Hi I found this bike in a barn. It's Brand is SOMA, it's made in Japan, it's model is Competition. I'm guessing it's circa 1983, only because there is an 83 along with some other numbers stamped on the bottom. I was wondering if someone out there can shed anymore light on it. I found this post at the link below which is pretty good. But was basically wondering if it's worth anything to sell/ is it collectable? It's all original, except for the seat, tires and bar tape. I'm riding it on the rollers right now.

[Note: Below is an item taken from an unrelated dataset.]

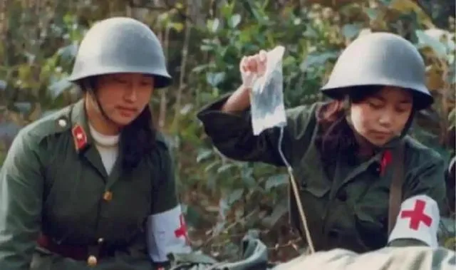 两位女兵戴着钢盔,袖口红十字很醒目,一人举着输液袋,一人按着绷带结,针头抖一下又稳住,谁都没说累,风里全是药水味和潮土味,她们抿着嘴,眼神却很硬,很稳。

http://www.bikeforums.net/archive/index.php/t-405920.html

I'd post pics but I'm at work. Here is a link with alleged pics, but I once again I'm at work and they are "blocked" from viewing. Not sure if they are there or not. They came from the "current" Soma fab company in california where they posted a blog about the "old" Soma Company. If this bike is black and red w/ white lettering it's what I have.

pics??
http://viewmorepics.myspace.com/ind...iendID=17228384&albumID=83042&imageID=9090657

Blog:
http://somafab.blogspot.com/search?q=soma+cosmopolitan
Thanks for any help.


----------



## colker1 (Jan 6, 2004)

it's worth your love in gold.
good luck.


----------



## yo-Nate-y (Mar 5, 2009)

Step 1: Buy barn bike, plate in gold.

Step 2: Profit!


----------



## babbalanja (Jan 20, 2008)

sounds like a good roller rider


----------



## Schmitty (Sep 7, 2008)

Marginal worth <$100. Never new the Soma name was around that long ago..


-Schmitty-


----------